Exercise directions: Once the line containing "with fitted storage" is reached, copy it and every line after it exactly, to the end of the material, without pictures.

Information shown:
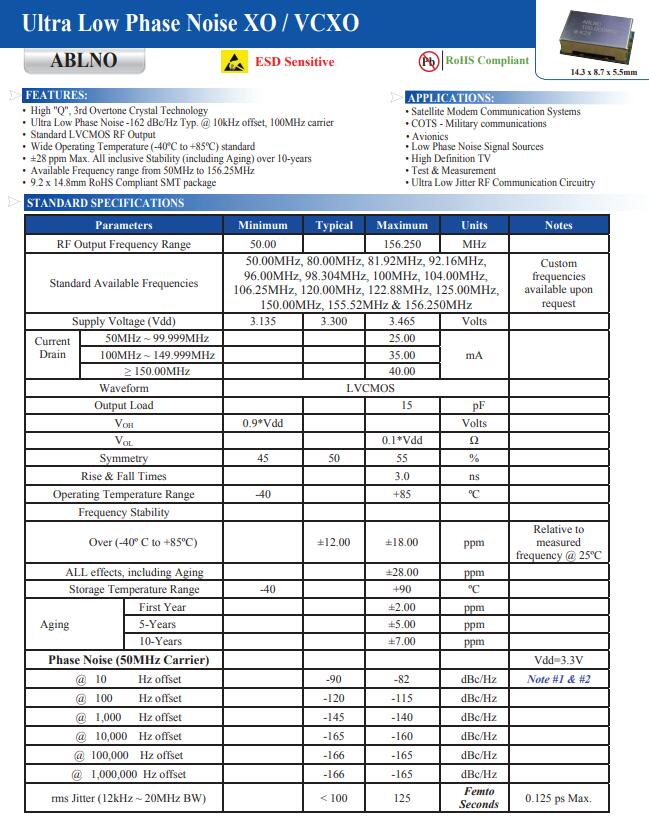 ABRACON旗艦ABLNO系列提供超低相位噪聲固定時鐘或電壓控制晶體振蕩器(VCXO)解決方案標準尺寸為9x14mm。同超過12 kHz的37fs典型RMS抖動20MHz帶寬@ 100MHz載波,ABLNO是性能驅(qū)動的理想選擇通訊,射頻,無線回程,和儀器應(yīng)用。
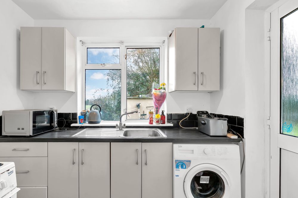 with fitted storage presses and sink unit. Plumbed for washing machine, tiled floor.
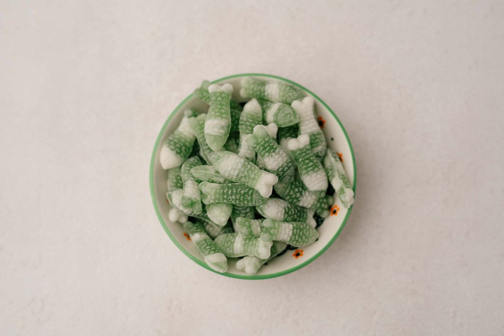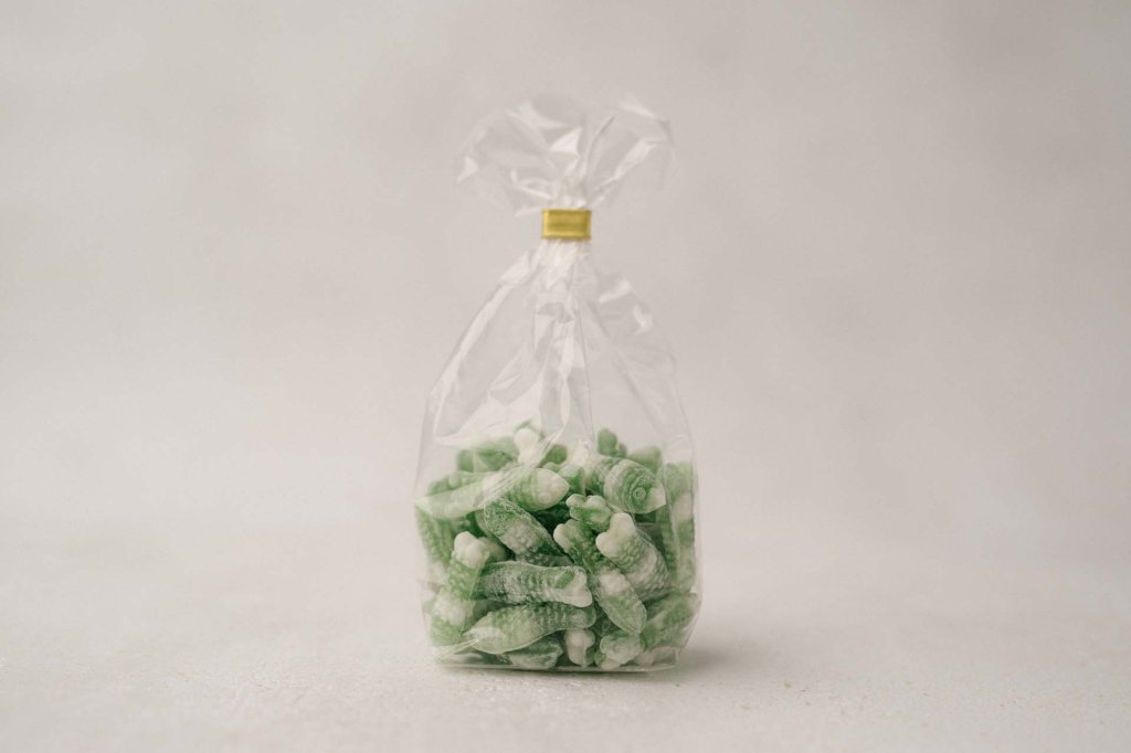 Zucker, Glukose, Weinsteinsäure, natürliches Aroma, Farbstoff: Chlorophyll E141, echtes Karmin E120.

Completed exercise:
 with fitted storage presses and sink unit. Plumbed for washing machine, tiled floor.
 Zucker, Glukose, Weinsteinsäure, natürliches Aroma, Farbstoff: Chlorophyll E141, echtes Karmin E120.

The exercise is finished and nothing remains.